There is an extremely common misunderstanding about what it means to be an LLC and what an LLC does. An LLC is a designation by the state. It is intended to give your personal assets protection against claims that may be made as a result of your business activities. Simply being an LLC says nothing about the business' tax status before the IRS. If all you do is create an LLC, the IRS will "disregard" the LLC and the income from your LLC must be reported on your personal income tax return subject to an additional "self-employment tax". For many of our clients, it makes sense to take the next step to declare to the IRS that you want your LLC to be taxed as a corporation-- either C-Corp or S-Corp. Among the many advantages of taking this additional step is reduced self-employment or social security taxes, greater retirement plan deductions, and diminished audit risk for higher income taxpayers.

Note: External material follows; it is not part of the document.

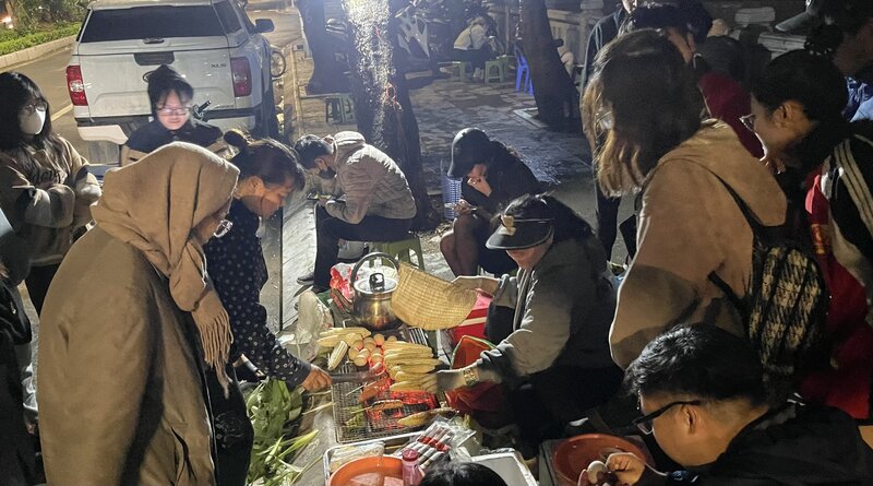 Giới trẻ thích thú trải nghiệm ăn ngô, khoai nướng Hồ Tây. Ảnh: Hải Đăng Nguồn: https://laodong.vn/thi-truong/ngo-khoai-nuong-vao-mua-tieu-thuong-thu-gan-nua-chi-vang-moi-toi-1274746.ldo

Self-Directed IRAs - Possibilities and Pitfalls

With the volatility of the stock market, many clients look for alternatives for their retirement savings investing. These alternatives include real estate and loans, among others. Self-directed IRAs can hold these types of investments. While the possibility of steady returns is enticing, there are pitfalls along the way that need to be overcome. There are prohibited investments and transactions, as well as Unrelated Business Income Tax (UBIT) and Unrelated Debt Financed Income (UDFI) . Any of these pitfalls can result in severe and significant tax consequences even on small amounts of income. Since each situation is unique, it is best to review these transactions before making a decision.

To Roth or Not to Roth

People often ask which is better -- a Roth or a Traditional IRA? Financial institutions sometimes provide calculators that attempt to answer this question. Unfortunately, these calculators have assumptions built into them and the big assumption that determines the answer is "What will your tax rate be at retirement?" Simply put, if you know your tax rate will be higher in retirement than it is now, the Roth is probably better. If not, then Traditional is better. And if you are not sure, it is ok to have both Roth and Traditional.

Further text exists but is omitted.